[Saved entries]

——

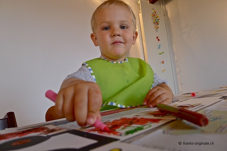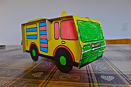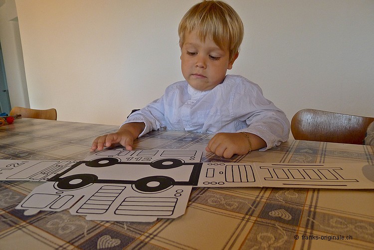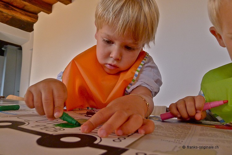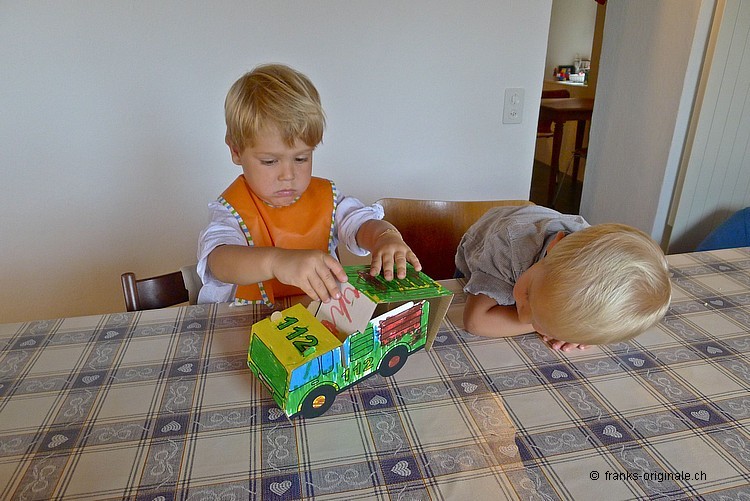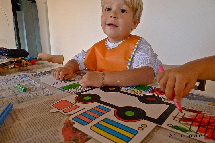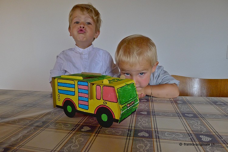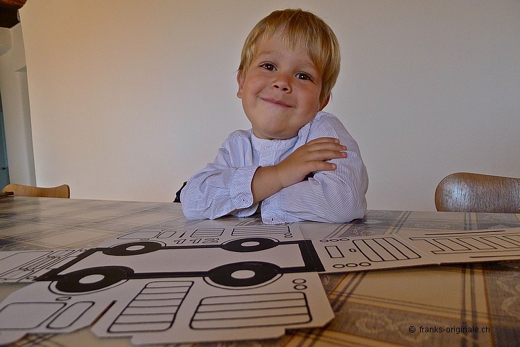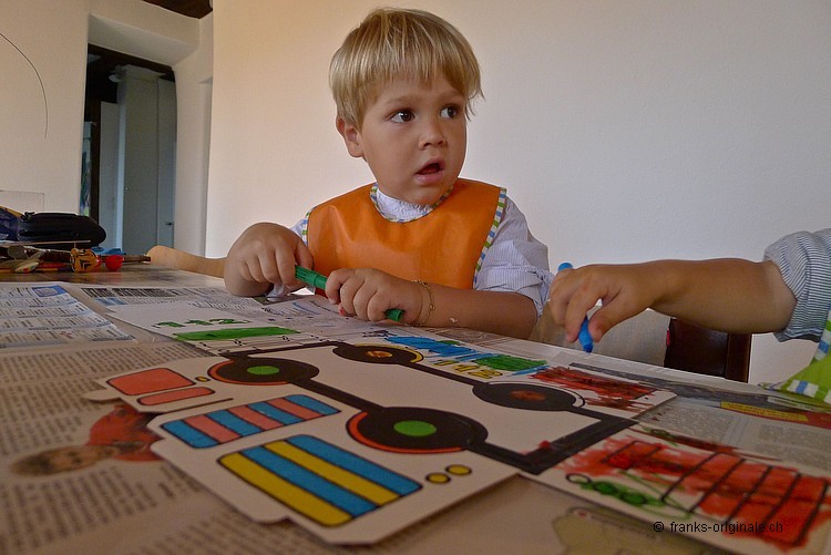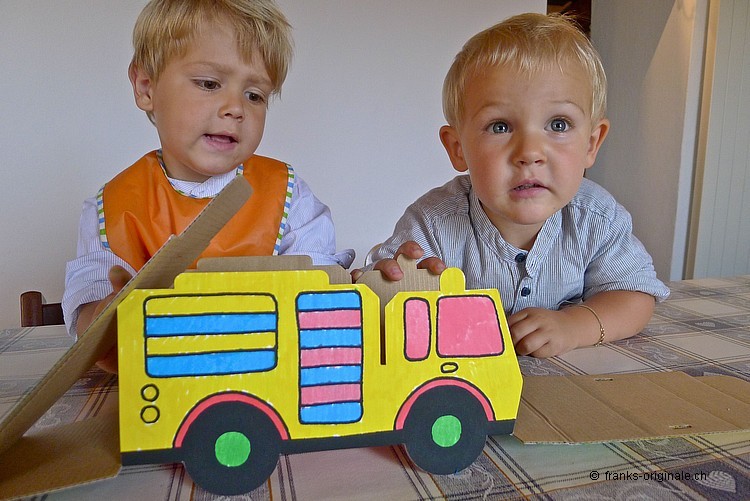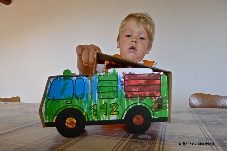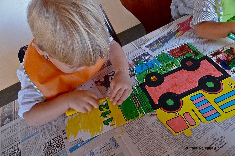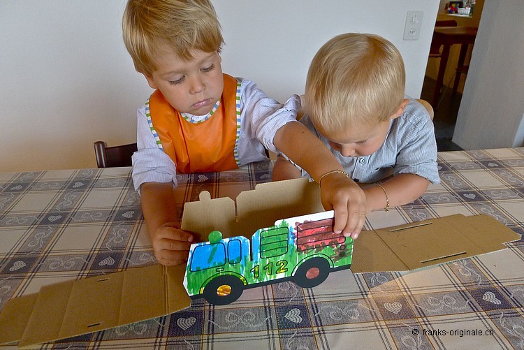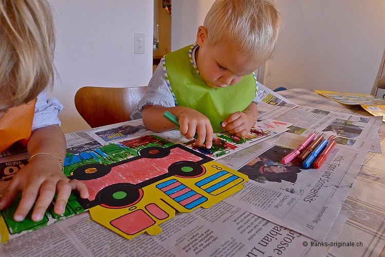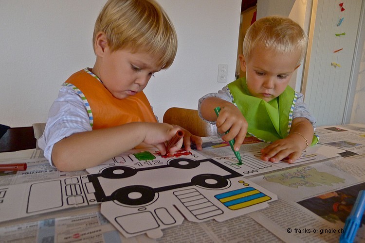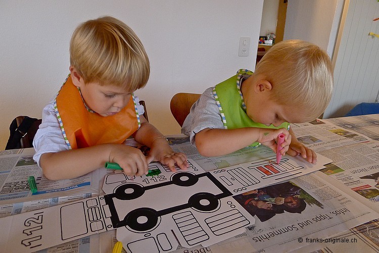 Mit viel Elan, vielen Farbstiften, einer guten Falt- und Ausmal-Vorlage und mit viel Zeit entsteht ein wunderschönes Feuerwehrauto. Die beiden Jungs sind sichtlich konzentriert und begeistert zugleich und nehmen die Herausforderung an. Es macht viel Spass, etwas selber zu gestalten und zu kreieren. Und das Resultat kann sich mehr als sehen lassen. Gratulation, meine lieben Buben!
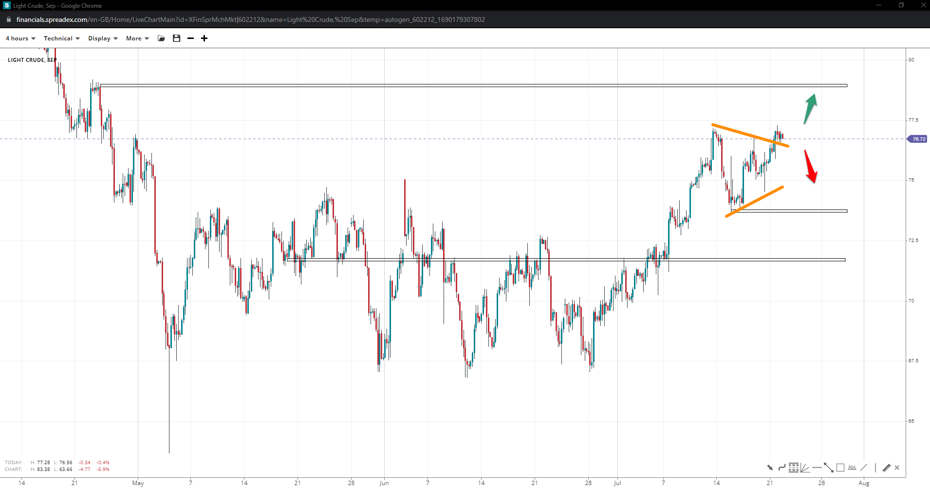 The price of natural gas completed a falling wedge by $2.48/cf, inspiring bets towards the peak of $2.93/cf and the 138.2% reverse Fibonacci of $3.1/cf. If bullish p[rice action disappoints, the structure might shift to a range or flag, raising the downside potential towards $2.30/cf should the regional low of $2.5/cf succumbs to pressure.
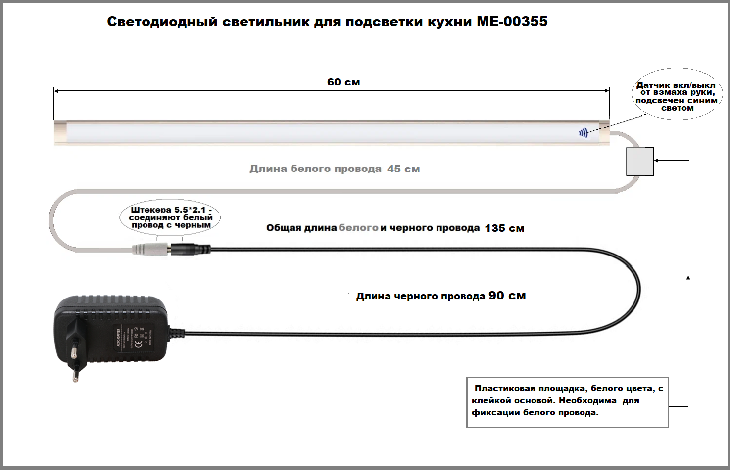 СохранитьСветодиодный светильник для кухни под навесные шкафы, с включателем от взмаха руки, 60см, 4000К-дневной белый. интересное:
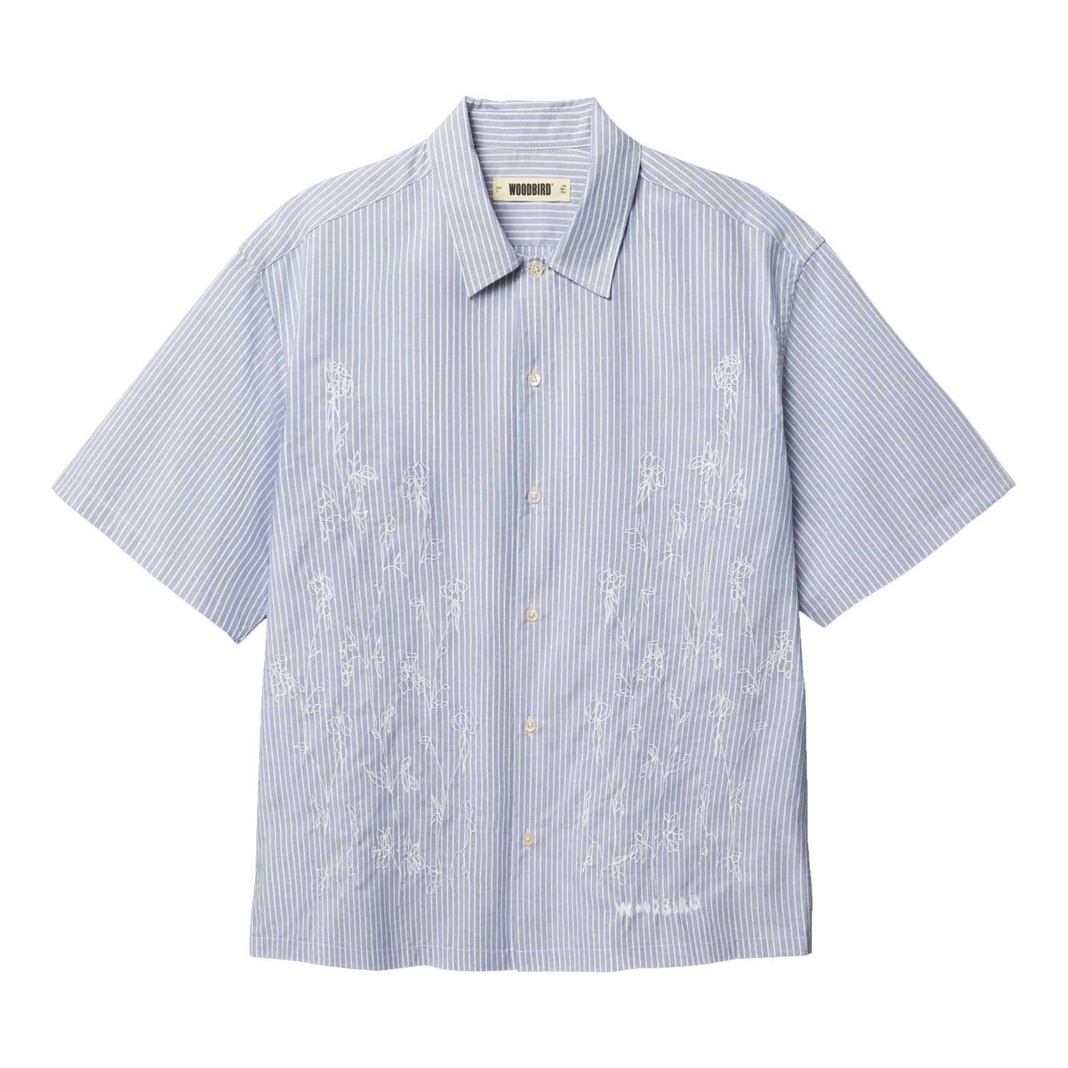 Camicia a manica corta dal fit morbido e rilassato, caratterizzata da una silhouette boxy contemporanea. Il design essenziale con colletto classico e abbottonatura frontale è arricchito da righe verticali e delicati ricami floreali sul davanti, per un dettaglio discreto ma distintivo.
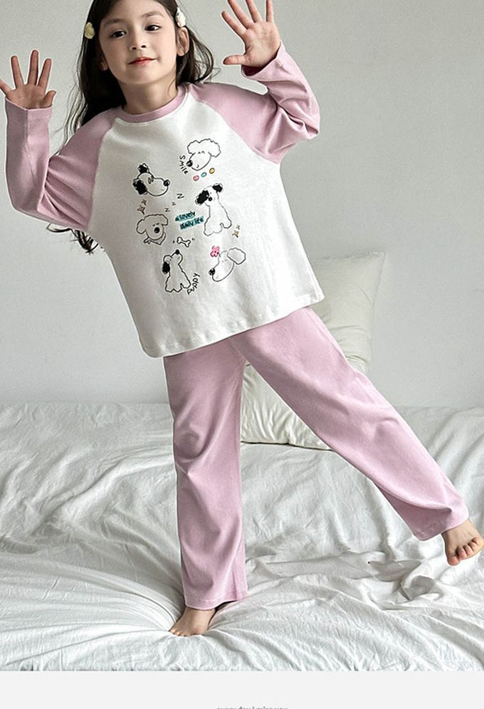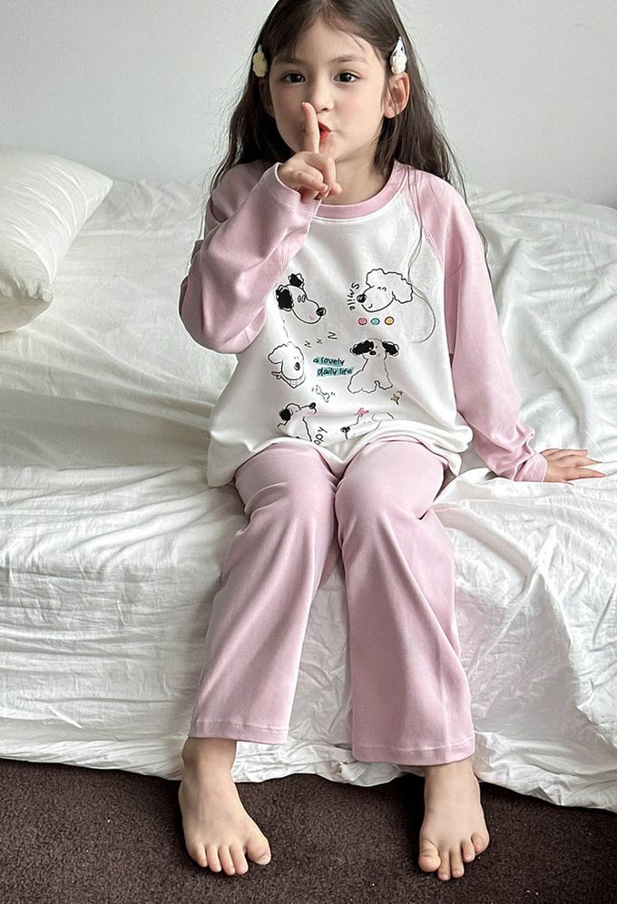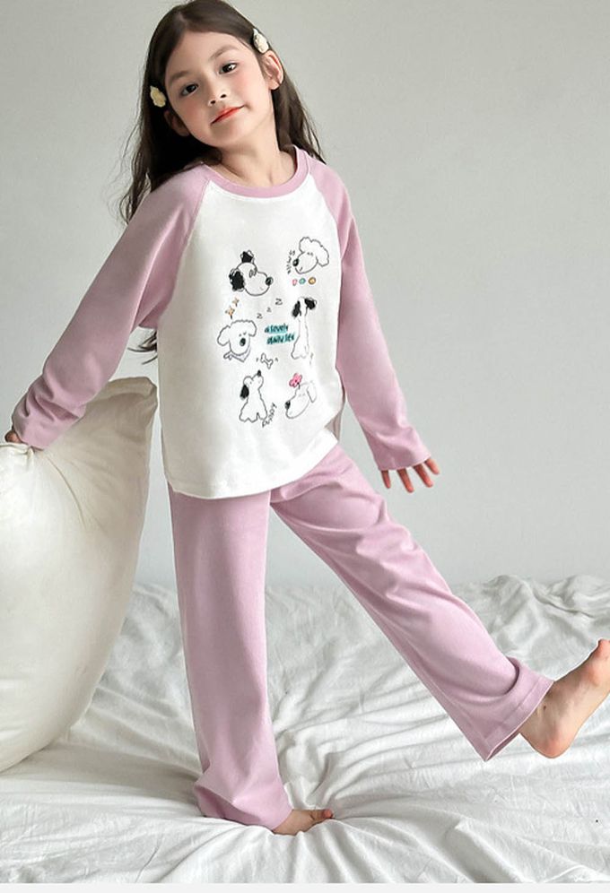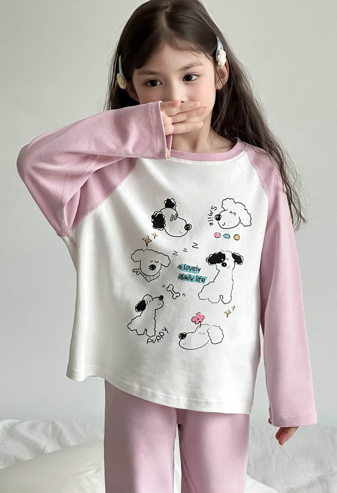 純棉柔軟長袖家居服套裝-卡通印花-粉色
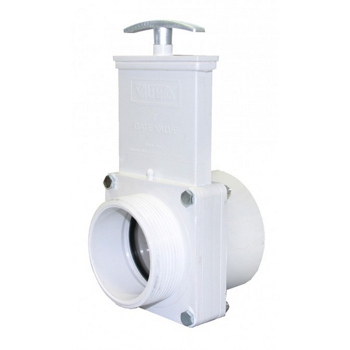 Valterra, 4305, 3" PVC White MPT x Slip Ends Gate Valve with Stainless Steel Paddle & Metal Handle
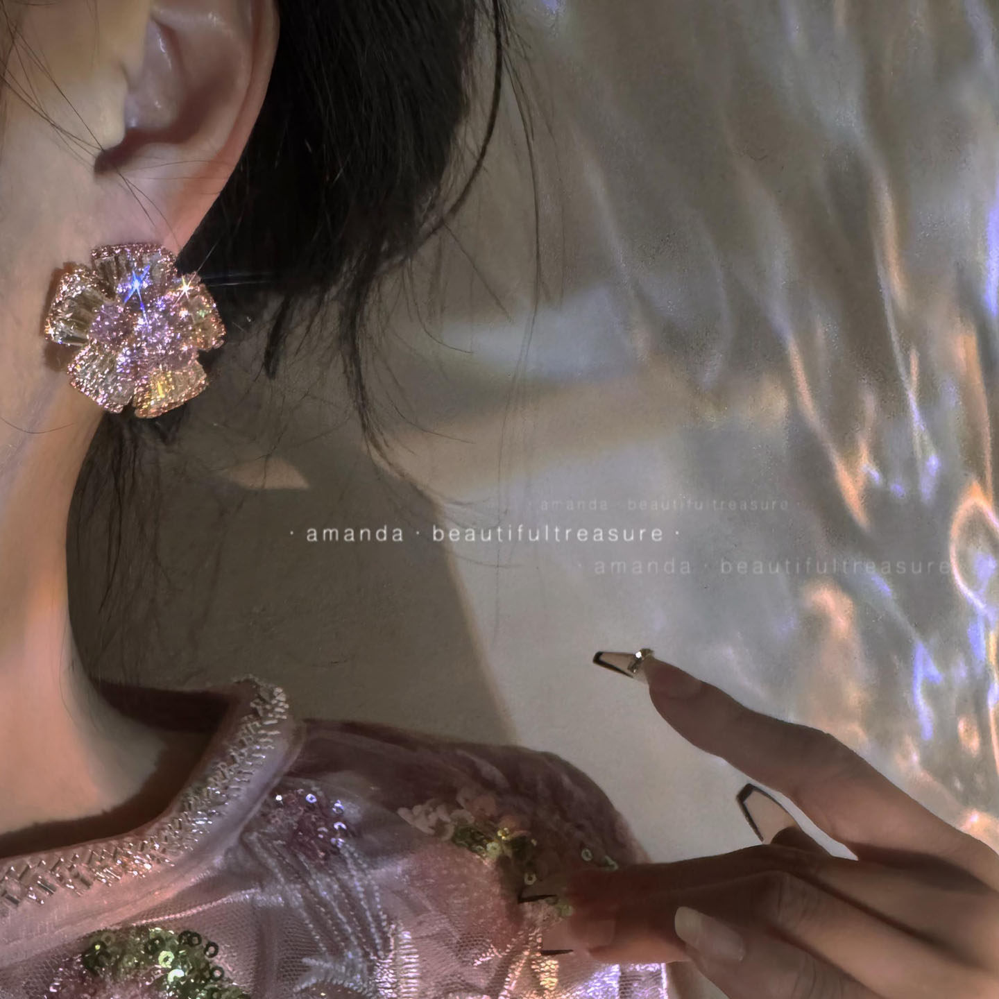 法式 宫廷耳环耳饰 复古轻奢夸张闪钻粉色花朵高级感气质耳钉女时尚
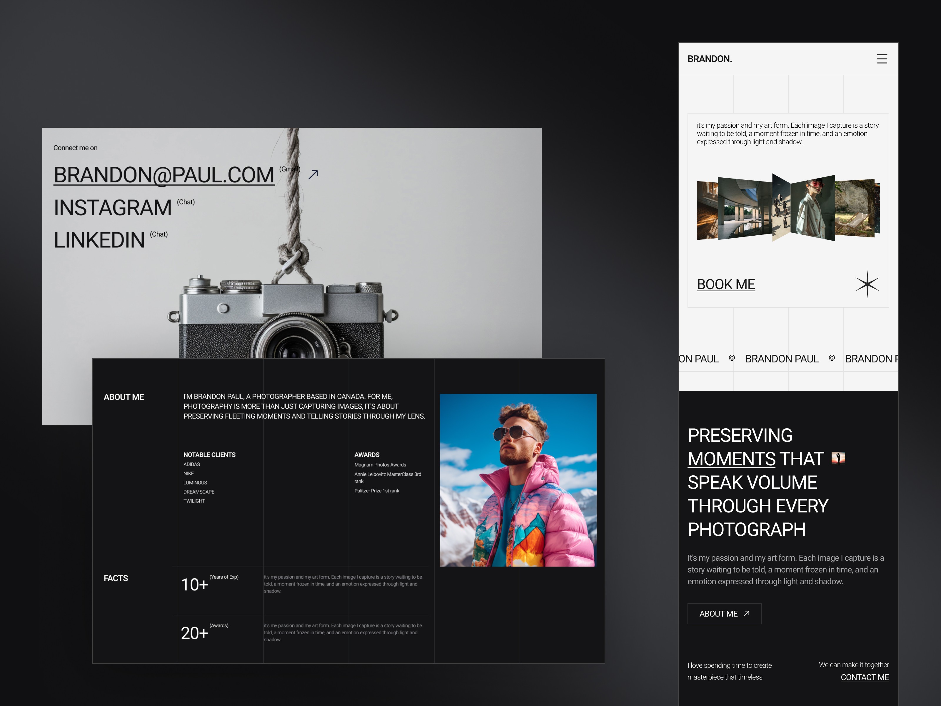 Brandon Paul is a premium Framer template built for photographers who want to showcase their work with clarity, elegance, and strong visual impact. Perfect for photographers and visual storytellers who want to look polished, minimal, and professional from day one.
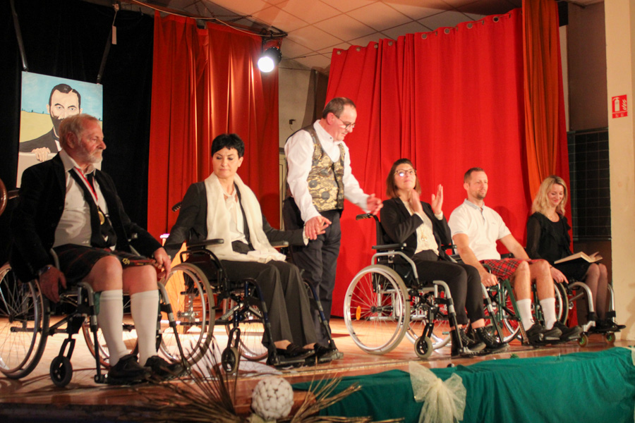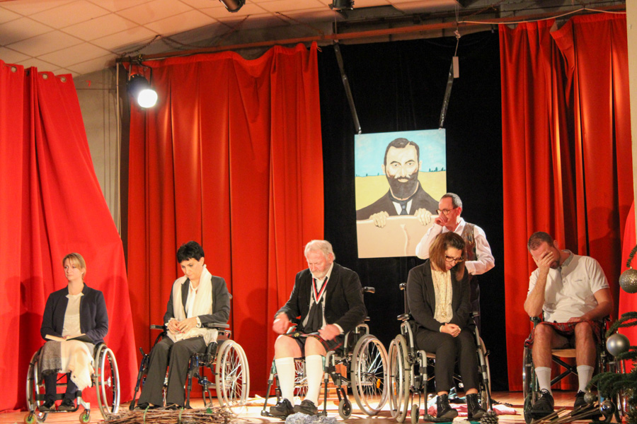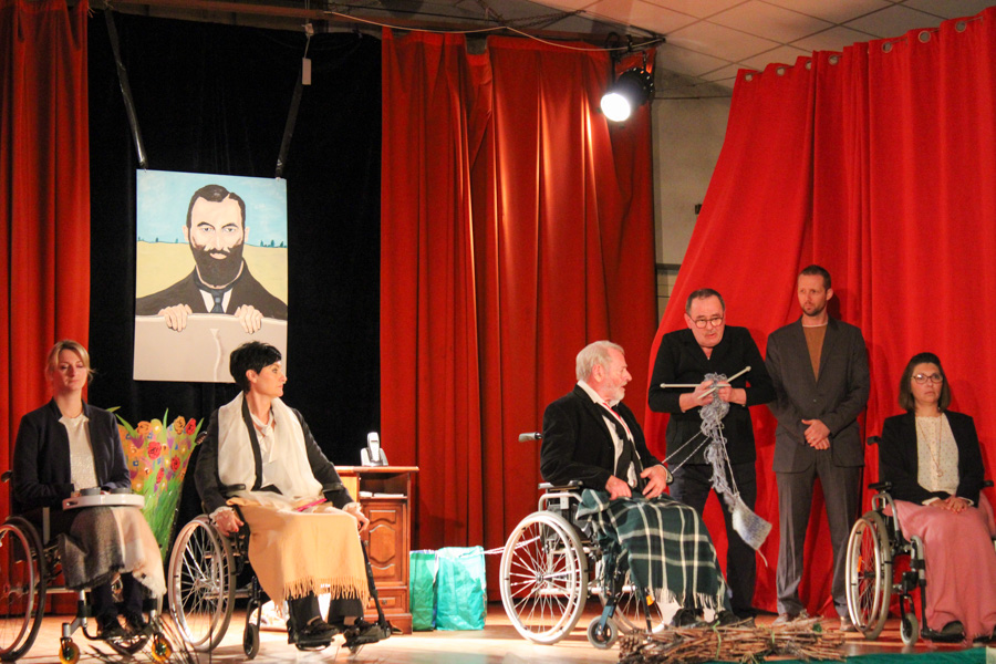 L’histoire atypique de cette famille CHAPELCROSS, qui évoque les bipèdes et les personnes à Mobilité Réduite, ne laisse pas le public sans réaction. Le public est plongé dans une ambiance ambivalente et troublante, mais oh combien humoristique.

——

**AIM OF THE EXERCISE**
A word-for-word copy of all the data, without pictures, is the expected output.

**RESPONSE**
 Mit viel Elan, vielen Farbstiften, einer guten Falt- und Ausmal-Vorlage und mit viel Zeit entsteht ein wunderschönes Feuerwehrauto. Die beiden Jungs sind sichtlich konzentriert und begeistert zugleich und nehmen die Herausforderung an. Es macht viel Spass, etwas selber zu gestalten und zu kreieren. Und das Resultat kann sich mehr als sehen lassen. Gratulation, meine lieben Buben!
 The price of natural gas completed a falling wedge by $2.48/cf, inspiring bets towards the peak of $2.93/cf and the 138.2% reverse Fibonacci of $3.1/cf. If bullish p[rice action disappoints, the structure might shift to a range or flag, raising the downside potential towards $2.30/cf should the regional low of $2.5/cf succumbs to pressure.
 СохранитьСветодиодный светильник для кухни под навесные шкафы, с включателем от взмаха руки, 60см, 4000К-дневной белый. интересное:
 Camicia a manica corta dal fit morbido e rilassato, caratterizzata da una silhouette boxy contemporanea. Il design essenziale con colletto classico e abbottonatura frontale è arricchito da righe verticali e delicati ricami floreali sul davanti, per un dettaglio discreto ma distintivo.
 純棉柔軟長袖家居服套裝-卡通印花-粉色
 Valterra, 4305, 3" PVC White MPT x Slip Ends Gate Valve with Stainless Steel Paddle & Metal Handle
 法式 宫廷耳环耳饰 复古轻奢夸张闪钻粉色花朵高级感气质耳钉女时尚
 Brandon Paul is a premium Framer template built for photographers who want to showcase their work with clarity, elegance, and strong visual impact. Perfect for photographers and visual storytellers who want to look polished, minimal, and professional from day one.
 L’histoire atypique de cette famille CHAPELCROSS, qui évoque les bipèdes et les personnes à Mobilité Réduite, ne laisse pas le public sans réaction. Le public est plongé dans une ambiance ambivalente et troublante, mais oh combien humoristique.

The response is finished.